• Aim of the exercise: Show the lines below that contain the string "with".

+++ Extracted material +++

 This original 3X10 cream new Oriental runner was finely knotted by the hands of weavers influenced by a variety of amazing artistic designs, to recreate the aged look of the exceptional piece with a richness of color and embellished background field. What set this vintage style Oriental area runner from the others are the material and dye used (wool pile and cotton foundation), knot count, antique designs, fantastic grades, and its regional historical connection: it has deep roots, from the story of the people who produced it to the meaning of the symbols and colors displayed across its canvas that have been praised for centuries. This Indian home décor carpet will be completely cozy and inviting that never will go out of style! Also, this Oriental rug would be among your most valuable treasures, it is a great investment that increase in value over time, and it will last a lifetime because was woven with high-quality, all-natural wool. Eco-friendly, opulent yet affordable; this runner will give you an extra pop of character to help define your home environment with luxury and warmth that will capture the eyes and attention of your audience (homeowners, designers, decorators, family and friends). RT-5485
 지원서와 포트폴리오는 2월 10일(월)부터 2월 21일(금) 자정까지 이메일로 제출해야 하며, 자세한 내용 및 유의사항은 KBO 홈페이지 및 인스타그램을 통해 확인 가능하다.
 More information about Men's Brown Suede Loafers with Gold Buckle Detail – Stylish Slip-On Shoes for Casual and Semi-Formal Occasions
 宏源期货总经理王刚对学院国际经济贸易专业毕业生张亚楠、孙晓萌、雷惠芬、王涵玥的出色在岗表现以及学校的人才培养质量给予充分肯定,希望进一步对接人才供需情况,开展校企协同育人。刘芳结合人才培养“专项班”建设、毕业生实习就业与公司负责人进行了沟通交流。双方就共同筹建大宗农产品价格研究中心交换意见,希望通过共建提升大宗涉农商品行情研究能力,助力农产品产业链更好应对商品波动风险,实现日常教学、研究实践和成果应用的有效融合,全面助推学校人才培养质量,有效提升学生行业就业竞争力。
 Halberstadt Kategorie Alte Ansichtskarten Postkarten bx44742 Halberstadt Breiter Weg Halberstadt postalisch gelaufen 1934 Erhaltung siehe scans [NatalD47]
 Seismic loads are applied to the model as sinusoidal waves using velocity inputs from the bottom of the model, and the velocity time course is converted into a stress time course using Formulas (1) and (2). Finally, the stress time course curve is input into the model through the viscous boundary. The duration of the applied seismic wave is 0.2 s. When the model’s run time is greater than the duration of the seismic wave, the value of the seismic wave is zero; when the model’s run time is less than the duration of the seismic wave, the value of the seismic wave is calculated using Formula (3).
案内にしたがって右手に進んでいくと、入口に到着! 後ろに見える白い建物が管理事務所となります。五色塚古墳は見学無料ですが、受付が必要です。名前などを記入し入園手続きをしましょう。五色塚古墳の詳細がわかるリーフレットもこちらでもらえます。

+++
+++ Extracted material +++

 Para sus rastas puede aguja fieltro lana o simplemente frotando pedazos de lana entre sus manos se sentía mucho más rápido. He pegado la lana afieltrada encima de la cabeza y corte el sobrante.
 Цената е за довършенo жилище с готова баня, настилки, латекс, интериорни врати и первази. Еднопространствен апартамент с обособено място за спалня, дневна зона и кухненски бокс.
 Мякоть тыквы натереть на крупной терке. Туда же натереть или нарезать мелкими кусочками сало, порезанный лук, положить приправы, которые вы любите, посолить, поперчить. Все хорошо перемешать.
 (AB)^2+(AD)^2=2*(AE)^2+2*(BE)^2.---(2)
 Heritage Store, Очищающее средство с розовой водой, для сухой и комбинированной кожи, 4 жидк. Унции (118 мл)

+++

• Task output:
 This original 3X10 cream new Oriental runner was finely knotted by the hands of weavers influenced by a variety of amazing artistic designs, to recreate the aged look of the exceptional piece with a richness of color and embellished background field. What set this vintage style Oriental area runner from the others are the material and dye used (wool pile and cotton foundation), knot count, antique designs, fantastic grades, and its regional historical connection: it has deep roots, from the story of the people who produced it to the meaning of the symbols and colors displayed across its canvas that have been praised for centuries. This Indian home décor carpet will be completely cozy and inviting that never will go out of style! Also, this Oriental rug would be among your most valuable treasures, it is a great investment that increase in value over time, and it will last a lifetime because was woven with high-quality, all-natural wool. Eco-friendly, opulent yet affordable; this runner will give you an extra pop of character to help define your home environment with luxury and warmth that will capture the eyes and attention of your audience (homeowners, designers, decorators, family and friends). RT-5485
 More information about Men's Brown Suede Loafers with Gold Buckle Detail – Stylish Slip-On Shoes for Casual and Semi-Formal Occasions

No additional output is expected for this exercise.